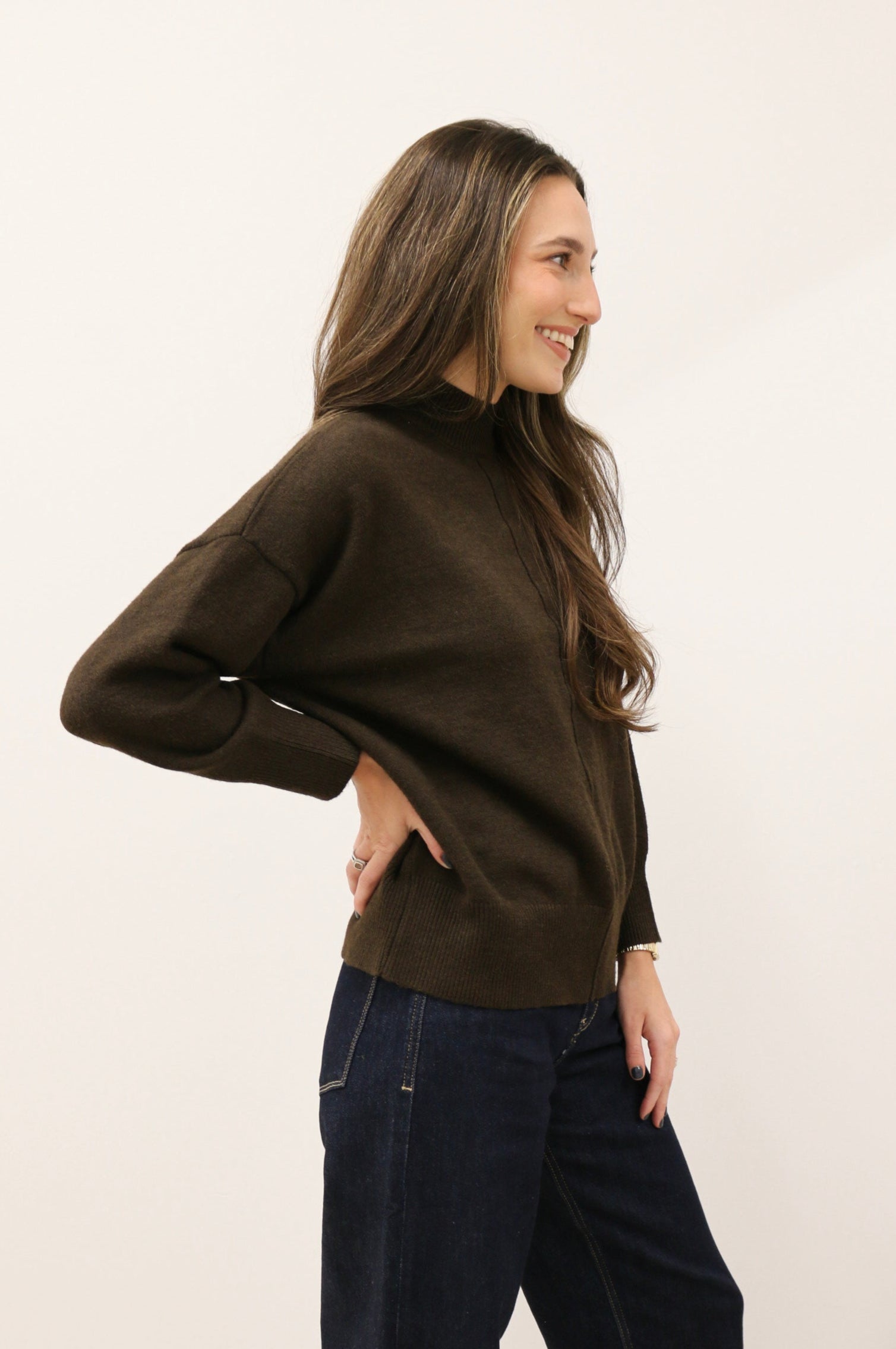 Tilly Front Seam Mock Neck Long Sleeve Relaxed Sweater - Dark Brown
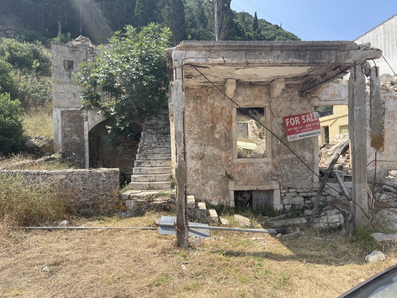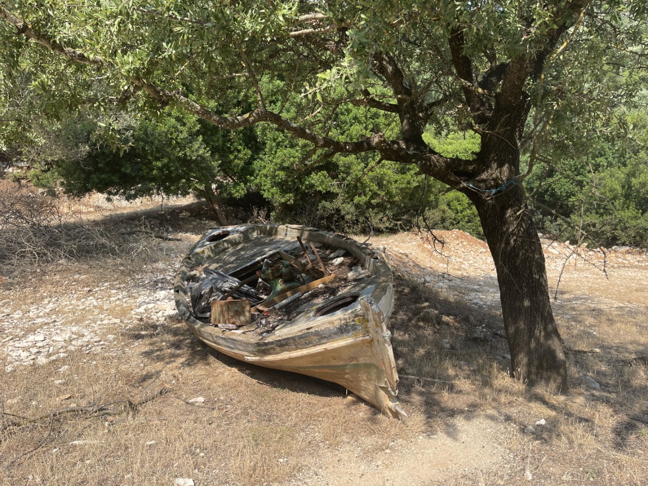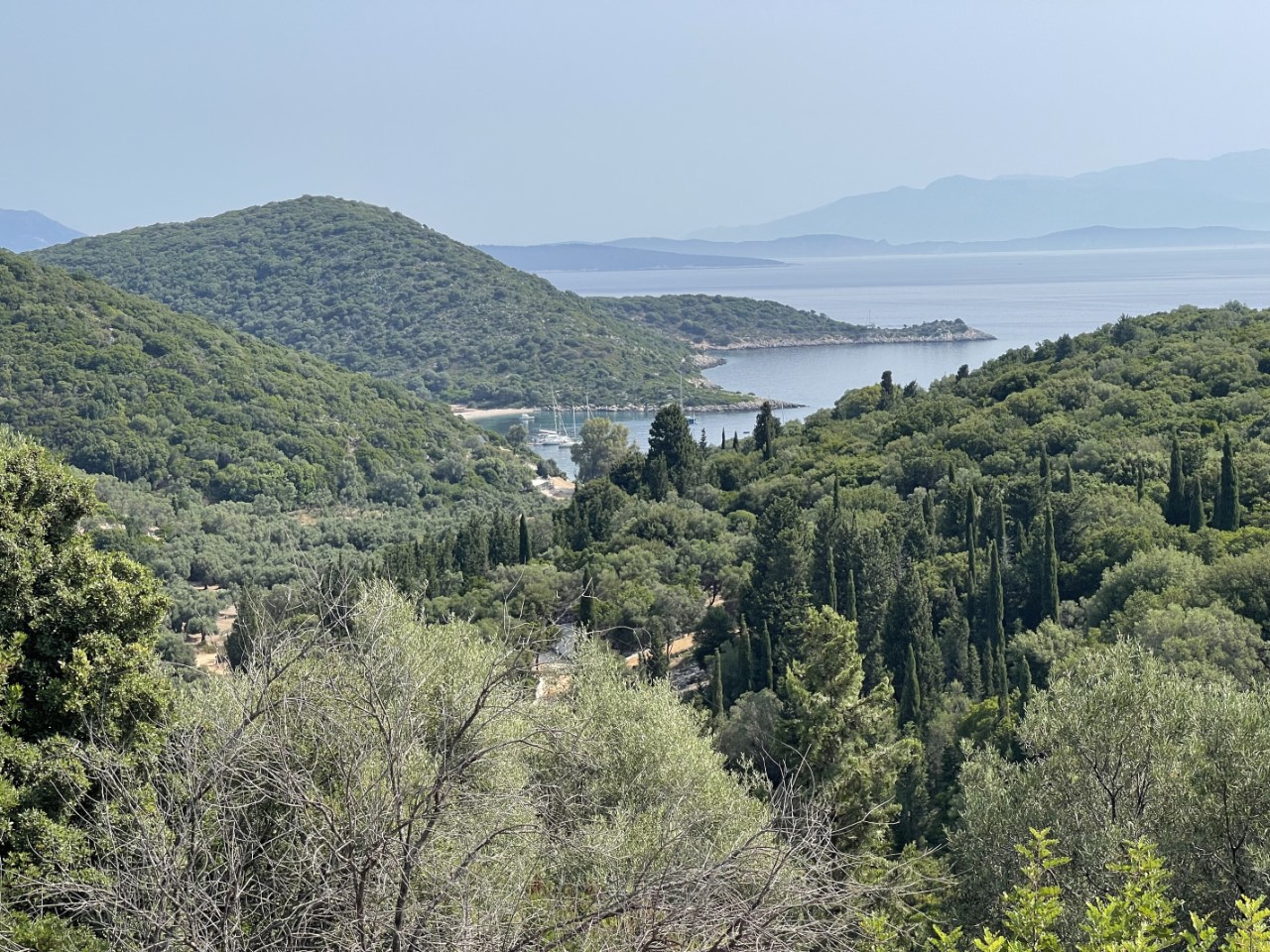 De wandeltocht is mooi met veel olijfbomen over een rotsachtige weg met steenslag, maar het is heel pittig. Het zonnetje op land geeft een gevoelstemperatuur van tegen de 50 graden, denken wij. Frikes is een heel rustiek dorpje met een ronde havenkom met Griekse bootjes en wat zeiljachten, een dertigtal huizen, drie terrassen en een hele kleine supermarktjuwelier. We ploffen gelijk neer op het eerste terras voor iets koels en om even uit te rusten. We kijken nog even naar een te koop staand huisje en een te koop liggend vissersbootje om ons daar te vestigen, maar dat idee is van korte duur. Al heel snel hebben we alles gezien en beklimmen de berg weer.
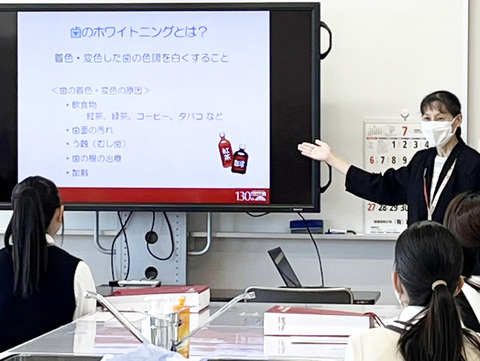 今回の模擬授業は「歯のホワイトニング基礎講座」がテーマでした
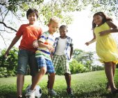 Ojciec gry w piłkę nożną z dziećmi
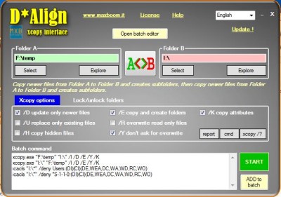 Allows the xcopy parameters customization and the editing of the final batch command.

---

What to produce
Leave out the pictures, and retype exactly the lines from the one containing "Ojciec gry w piłkę nożną z dziećmi" through the final line of the data.

Result for this task
 Ojciec gry w piłkę nożną z dziećmi
 Allows the xcopy parameters customization and the editing of the final batch command.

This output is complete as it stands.